SIMD Based basic GPU Implementation (Work in progress)
(openLANE RTL-GDSII steps) & cocoTB verification openlane2 nixx setup
gpu.sv
├── dcr.sv
├── controller.sv (for data memory inst- data_mem_controller)
├── controller.sv (for program memory inst - prog_mem_controller)
├── dispatch.sv
└── compute_core.sv (multiple instances)
├── fetch.sv
├── decoder.sv
├── scheduler.sv
├── simple_alu.sv (per thread)
├── load_store_unit.sv (per thread)
├── program_counter.sv
└── registers.sv (per thread)
ISA Details
| Instruction | Opcode | Semantics | Description |
|---|---|---|---|
| NOP | 0000 xxxx xxxx xxxx | PC = PC + 1 | Advances to the next instruction without operation. |
| BRNZP | 0001 nzzp xIII IIII | NZP ? PC = IMM8 | Branches to IMM8 if NZP condition codes match; takes branch if any thread meets per-thread NZP based on signed difference of Rs and Rt. |
| CMP | 0010 xxxx sss ttt | NZP = sign(Rs - Rt) | Sets per-thread NZP based on signed difference of Rs and Rt. |
| ADD | 0011 ddddd sss ttt | Rd = Rs + Rt | Adds Rs and Rt, stores in Rd (if Rd < 13). |
| SUB | 0100 ddddd sss ttt | Rd = Rs - Rt | Subtracts Rt from Rs, stores in Rd (if Rd < 13). |
| MUL | 0101 ddddd sss ttt | Rd = Rs * Rt | Multiplies Rs and Rt, stores in Rd (if Rd < 13). |
| DIV | 0110 ddddd sss ttt | Rd = Rs / Rt | Divides Rs by Rt, stores in Rd (if Rd < 13, Rt ≠ 0). |
| LDR | 0111 ddddd sss xxxx | Rd = global_data_mem[Rs] | Loads value from data memory address Rs to Rd (if Rd < 13). |
| STR | 1000 xxxx sss ttt | global_data_mem[Rs] = Rt | Stores Rt to data memory address Rs. |
| CONST | 1001 ddddd IIII IIII | Rd = IMM8 | Loads 8-bit immediate into Rd (if Rd < 13). |
| HALT | 1111 xxxx xxxx xxxx | done | Halts execution, signaling core completion. |
Register File Each thread has 16 registers (8-bit each):
R0 to R12: General-purpose, read/write.
R13: Read-only, stores block_id.
R14: Read-only, stores THREADS_PER_BLOCK.
R15: Read-only, stores local thread index (0 to THREADS_PER_BLOCK-1). Writes to R13–R15 are ignored, enabling kernels to access block and thread metadata for SIMD execution
Functionality: Acts as the top-level module that integrates all components of the tiny GPU. Responsibilities: Instantiates submodules such as dcr.sv, controller.sv (for data and program memory), dispatch.sv, and multiple compute_core.sv instances. Manages the overall control flow, including starting/resetting the GPU and signaling kernel execution completion. Connects submodules to external memory interfaces for program and data memory.

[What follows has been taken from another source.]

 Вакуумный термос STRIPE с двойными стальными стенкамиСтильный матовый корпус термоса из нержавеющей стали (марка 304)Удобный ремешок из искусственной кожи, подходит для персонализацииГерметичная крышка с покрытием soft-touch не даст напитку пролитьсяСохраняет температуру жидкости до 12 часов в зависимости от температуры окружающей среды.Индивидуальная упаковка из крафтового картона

Functionality: Implements the Device Control Register. Responsibilities: Stores the total number of threads (thread_count) to be executed for the kernel. Updates thread_count when the device control write enable signal is asserted.
Functionality: Serves as the memory controller for data memory. Responsibilities: Manages read and write requests from load-store units (LSUs) in compute cores to external data memory. Arbitrates between multiple LSUs using a round-robin scheme. Interfaces with external data memory using valid/ready handshakes.

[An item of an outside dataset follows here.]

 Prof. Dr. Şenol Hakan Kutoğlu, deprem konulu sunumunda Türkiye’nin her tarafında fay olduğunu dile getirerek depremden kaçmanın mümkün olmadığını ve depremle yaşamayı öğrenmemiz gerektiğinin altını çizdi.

Functionality: Serves as the memory controller for program memory. Responsibilities: Manages read requests from fetch units in compute cores to external program memory. Arbitrates between multiple fetch units using a round-robin scheme. Interfaces with external program memory using valid/ready handshakes (write operations are disabled as it’s read-only).

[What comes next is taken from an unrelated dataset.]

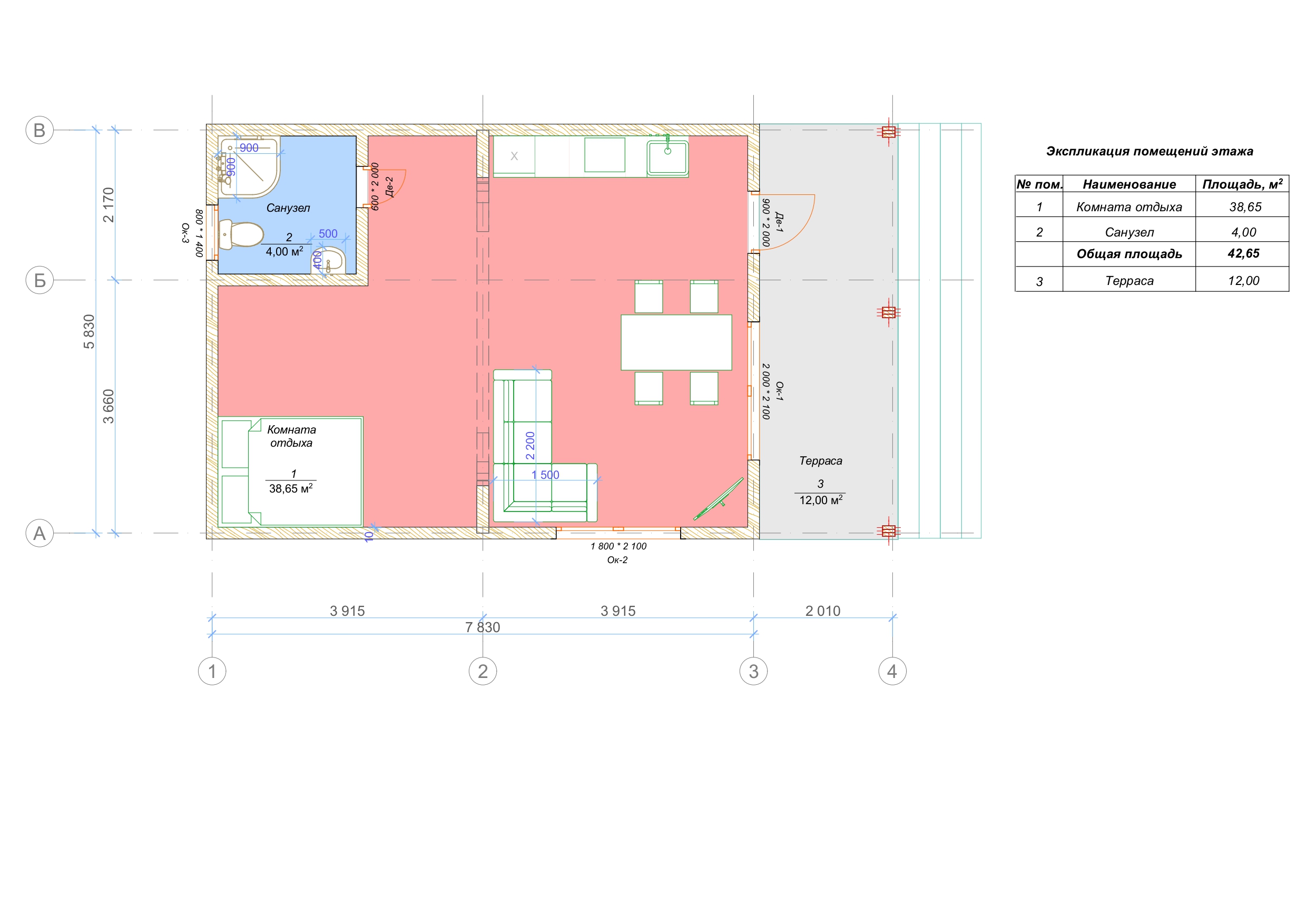 - Общая площадь помещений: 42 кв.м.

Functionality: Handles the dispatching of thread blocks to compute cores. Responsibilities: Organizes threads into blocks, each with up to THREADS_PER_BLOCK threads. Assigns thread blocks to compute cores, providing each with a block_id and thread count. Monitors compute core completion and signals when all blocks are processed.
Functionality: Processes one block of threads as a compute core. Responsibilities: Instantiates submodules like fetch.sv, decoder.sv, scheduler.sv, alu.sv, load_store_unit.sv, program_counter.sv, and registers.sv. Manages the fetch-decode-execute cycle for the thread block using a state machine. Executes instructions in a SIMD manner across active threads.
Functionality: Fetches instructions from program memory within a compute core. Responsibilities: Retrieves instructions based on the current program counter (PC). Uses valid/ready handshakes with the program memory controller. Forwards fetched instructions to the decoder.
Functionality: Decodes instructions within a compute core. Responsibilities: Interprets the 16-bit instruction, extracting opcode, register addresses, immediate values, and condition codes. Generates control signals (e.g., is_add, is_ldr) for instruction execution.
Functionality: Schedules threads within a compute core. Responsibilities: Determines active threads based on the block’s thread_count. Generates an active_threads mask to indicate which threads execute instructions.
Functionality: Performs arithmetic and logic operations, instantiated per thread. Responsibilities: Executes operations like ADD, SUB, MUL, DIV, and CMP based on the opcode. Sets condition codes (NZP) for comparison operations.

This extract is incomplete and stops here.